Dorf mit Charakter
im Herzen der korsischen MacchiaDas Gebiet von Giuncheto wurde bereits in der Vorgeschichte besiedelt und zeugt von einer sehr frühen menschlichen Besiedlung. Im Mittelalter nahm sie die Form einer Streusiedlung an, die typisch für die Lebensweise der Hirten war. Um 1412 wurde das Land den Kamaldulensermönchen von Monte Christo überlassen, die dort ein Kloster und landwirtschaftliche Gebäude errichteten. Die Geschichte von Giuncheto ist jedoch von Unsicherheit geprägt: Barbareskenangriffe zerstören die religiösen Einrichtungen vollständig.

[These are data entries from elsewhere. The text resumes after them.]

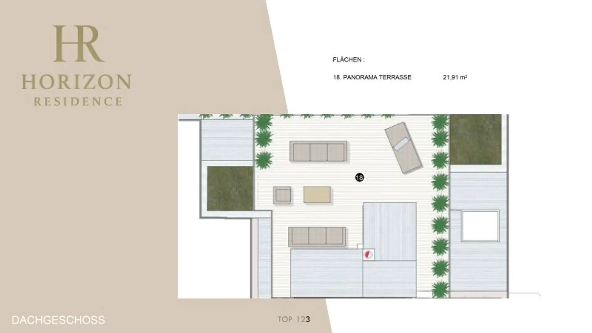 * Dachterrassen mit Vorbereitung für individuelle Kundenwünsche wie Dusche Whirlpool, Outdoor-Küche. Großformatige Feinsteinzeugbeläge für eine pflegeleichte und stilvolle Gestaltung.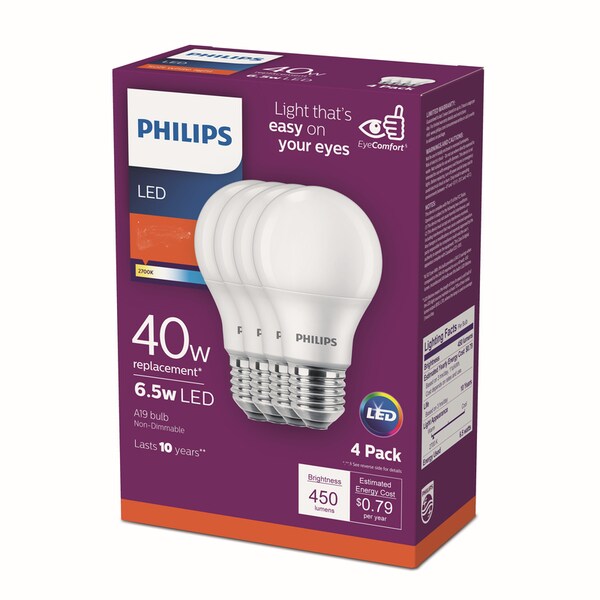 These Philips Soft White A19 bulbs provides similar light to a 40-Watt bulb at only 5.5-Watt. With a lifespan of 11 000 hours You will change your bulbs less frequently saving money and effort. Meets strict test criteria including flicker strobe and glare to achieve EyeComfort requirements.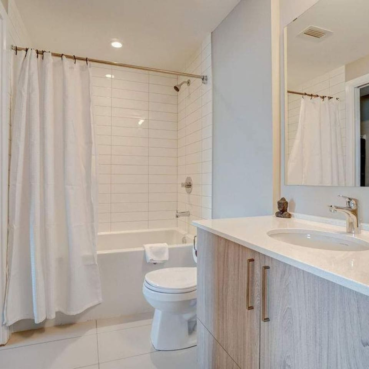 The bathroom features a stylish vanity and a glass-door shower/bath-tub (in some units), complete with fresh towels and toiletries for your convenience.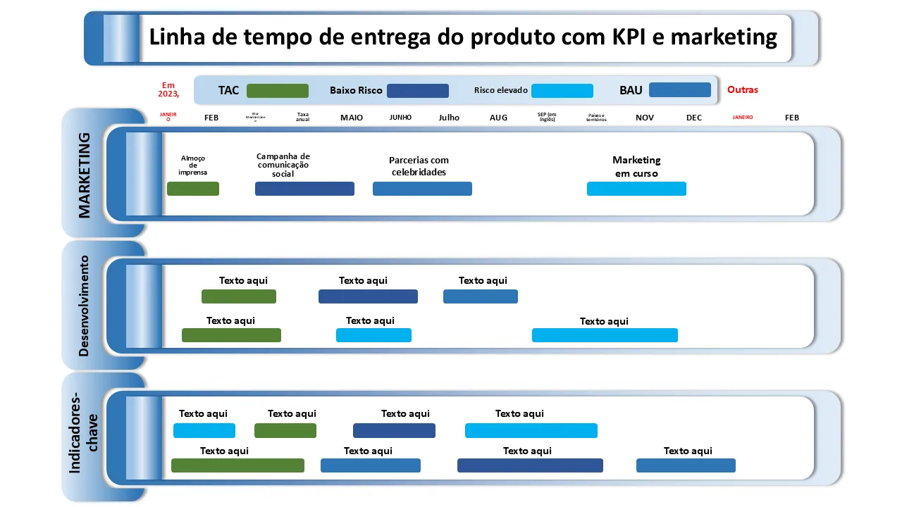 Cronograma de entrega do produto com Kpi e modelo de PowerPoint de marketing para apresentações profissionais

Erst im 17. Jahrhundert findet die Region zu einem stabilen Leben zurück. Die Hirten aus der Umgebung kehrten mit ihren Herden zum Überwintern zurück, und nach und nach wurde das Dorf wieder aufgebaut, so wie man es heute vorfindet.
Eine lokale mündliche Überlieferung besagt sogar, dass der Apostel Paulus auf diesen Anhöhen eine Kirche und ein kleines Kloster errichten ließ, bevor er seine Reise nach Afrika fortsetzte.
⛪ Se henswert: die Kirche des Heiligen Antonius.
Bei Ihrem Besuch sollten Sie sich die Kirche im Viertel Saint-Antoine nicht entgehen lassen, die den Heiligen Petrus und Paulus gewidmet ist. Die aus Granit erbaute Kirche zeichnet sich durch ihre elegante Schlichtheit und ihre dominante Lage aus, die ein wahrer Aussichtspunkt über das Ortolo-Tal ist. Ein friedlicher Ort, der zur Kontemplation einlädt.